Following Mr Assad’s speech, Syria’s ambassador to the UN, Faysal Mekdad, sought to amplify the message that Damascus is being reasonable in the face of the intransigence of Mr Mehlis. He said that Syria was quote prepared to allow the six men on the list to be interviewed in a third country--as long as that was not Lebanon. Mr Mehlis has meanwhile left Beirut, without explanation.
It is evident that Syria’s sensitivity about the interviews taking place in Lebanon relates to the possibility that the Lebanese judicial authorities may seek to arrest the men. Were the interviews to take place in another country, there would be no judicial basis for them to be arrested.
The identities of the six men have not been disclosed.
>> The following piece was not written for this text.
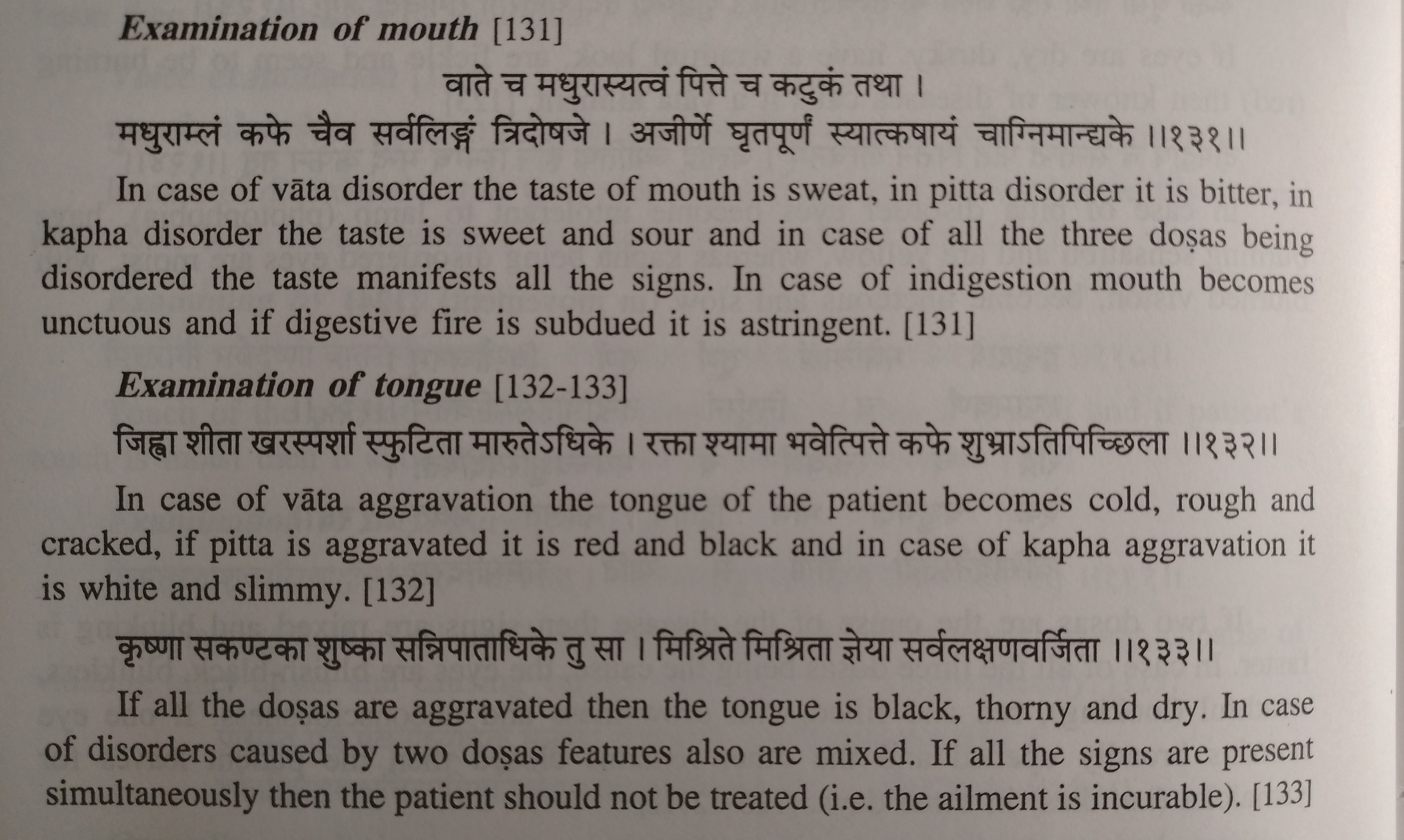 (В переводе на фото ошибка - "In excess of *Kapha* tongue becomes obese, heavy...")

The only Syrian officials directly mentioned the final version of the Mehlis report were Rustom Ghazaleh, the former head of Syrian military intelligence in Lebanon, his deputy, Jameh Jameh, and Assef Shawkat, the overall head of Syrian military intelligence. In an earlier version there was also mention of Maher Assad, the president’s younger brother and commander of the 4th Corps of the Republican Guard, which is responsible for military security in Damascus, Bahjat Suleiman, the former head of the internal division of General Intelligence (a forthright opponent of any Syrian disengagement from Lebanon, Mr Suleiman was replaced after the June 2005 Baath part congress), and Hassan Khalil.
Unless Mr Assad makes a dramatic climbdown, Syria will soon have to face the consequences of being found in breach of Resolution 1636, which has binding force as it was passed under Chapter VII of the UN Charter.